Step 5: Export the Model

sym = net(mx.sym.var('data'))
sym_file, param_file = load_fname(version)
print ("Dump model into ", sym_file, " & ", param_file)

# dump the mxnet model
with open(sym_file, "w") as fout:
        fout.write(sym.tojson())
net.collect_params().save(param_file)

Again, here we only show the general structure of writing a program that trains AI models - refer to the original file under tests/mrt/train_mnist.py for the complete code and modify as you see fit!

Stage III: Quantize Your Model

To prepare the model for the Cortex blockchain, we need to quantize it with MRT. Recall from Introduction that MRT is a tool originating from Cortex's research in on-chain inference of ML models - it helps us quantize ML models for deterministic inference on the blockchain.

Execute the following command:

python3 python/mrt/main2.py python/mrt/model_zoo/mnist.ini

All the pre-quantized model configuration files are stored in python/mrt/model_zoo, and the file config.example.ini contains the model configuration for our case.

Very Important Note:

If you're training a custom model with your custom dataset, keep in mind that you must alter the source code to allow MRT to read your dataset properly.

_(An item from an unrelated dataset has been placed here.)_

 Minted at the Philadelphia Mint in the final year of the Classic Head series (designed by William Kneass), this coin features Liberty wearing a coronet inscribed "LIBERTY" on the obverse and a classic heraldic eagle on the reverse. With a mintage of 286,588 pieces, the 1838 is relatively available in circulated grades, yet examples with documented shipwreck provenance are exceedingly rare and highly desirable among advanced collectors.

This is because MRT needs to see your dataset (during calibration) in order to get an idea of the range of activation values for each neural layer - only then can it know how to quantize your model for optimal performance. We're working on a more friendly interface regarding this. Meanwhile, feel free to directly alter the source code yourself for workarounds.

Stage IV: Upload Your Model

Now the model is fully quantized. Specifically, mnist_.json and mnist_.params are your quantized models, stored under ~/mrt_model (assuming you have not altered the path in the python/mrt/conf.py file). Create a separate folder named data and rename your mnist_.json to symbol and your mnist_.params to params. Run ls -l to check your operating system is not hiding the file name extension, because the full file names need to be correct for successful upload.

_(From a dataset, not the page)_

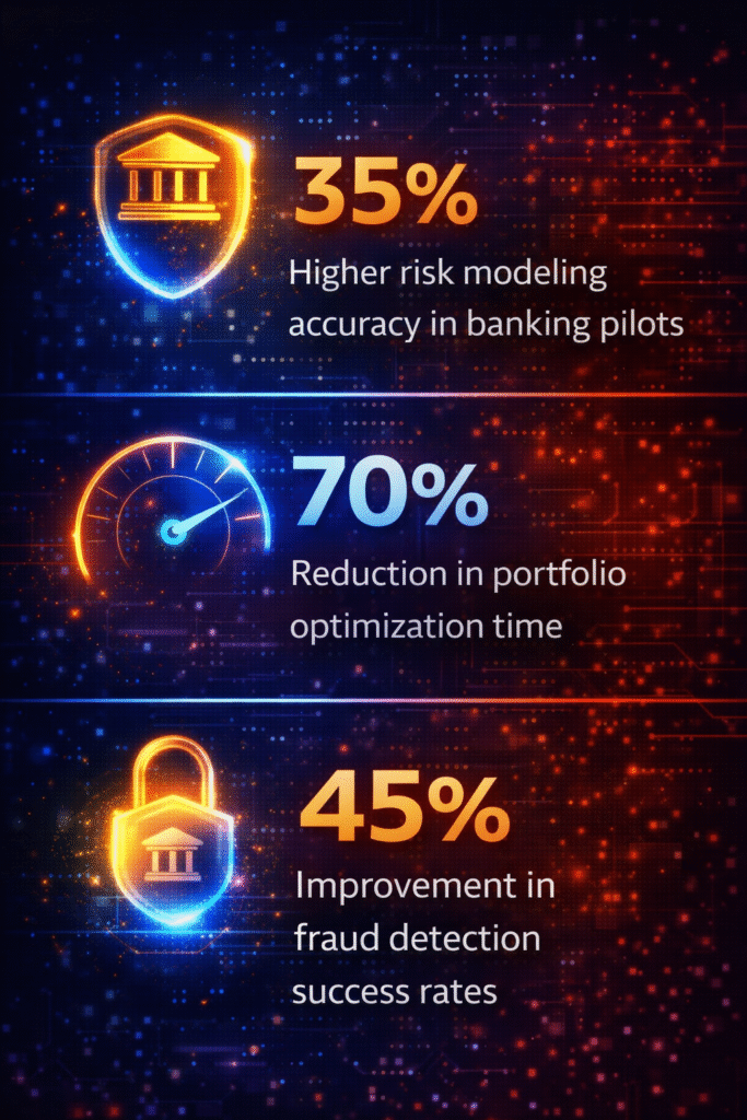 Traditional risk models struggle when handling thousands of correlated variables across volatile markets. Quantum algorithms can hold entire correlation matrices in superposition, evaluating the optimal portfolio configuration in a single computational pass rather than brute-forcing millions of combinations sequentially. Fraud detection pilots are reporting accuracy improvements up to 45% because quantum systems detect subtle, multi-dimensional transaction patterns that classical anomaly detectors simply miss.

We're now ready to upload them! Like most PoW blockchains, transaction data are broadcast out, received by different full nodes and relayed to propagate the entire network; miners then include these transactions in a block later mined into the blockchain. In our case, model file (which is mostly matrices of weights) is the transaction data; to upload this model file, we broadcast it out by seeding it with a torrent file (which is a file including metadata about the model file that enables its reception and relay by other full nodes).

In this final stage, we will have three main steps: (1) Notify the Cortex network about the model and generate a torrent file on Cerebro. (2) Seed/broadcast this torrent (3) Push the upload progress on Cerebro.

Step 1: Notify the Network & Generate Torrent

Let's first go the TestNet Cerebro Explorer to generate a torrent file for our model file, which we will later use to broadcast (upload) the model file to the network. (When you deploy to MainNet, you need to go to the MainNet Cerebro Explorer)

In the menu bar at the top, find "upload" under "AI Contract"

cerebroMenu

Then choose Fixed Point Model Data - recall that our MRT has converted our ML model from float-point to (integer-only) fixed-point for deterministic on-chain inference.

fixedPoint

Now select the two model files simultaneously.

select

upload

Change the input shape in the grey box Shape. (Note: even if your input is of shape 1,28,28 you need to re-type it anyway, and that's what you should do here if you've been following this tutorial.)

Now make sure that you have signed into your TestNet wallet and don't have any other transaction confirmation windows open (otherwise the new transaction confirmation window will not pop out).

Type in the model description (any texts you wish), click save and then hit upload. A new transaction confirmation window will pop out. Click confirm.

We're not done yet - recall that we're only generating a torrent file here, which includes metadata about the model files that enable their broadcast to other full nodes.

Step 2: Seed/Broadcast This Torrent

To finish the upload, we now proceed to seed (upload/broadcast) the model files along with the torrent file (the model files' metadata). In this example, we will use torrentf, a client based on the Anacrolix BitTorrent client.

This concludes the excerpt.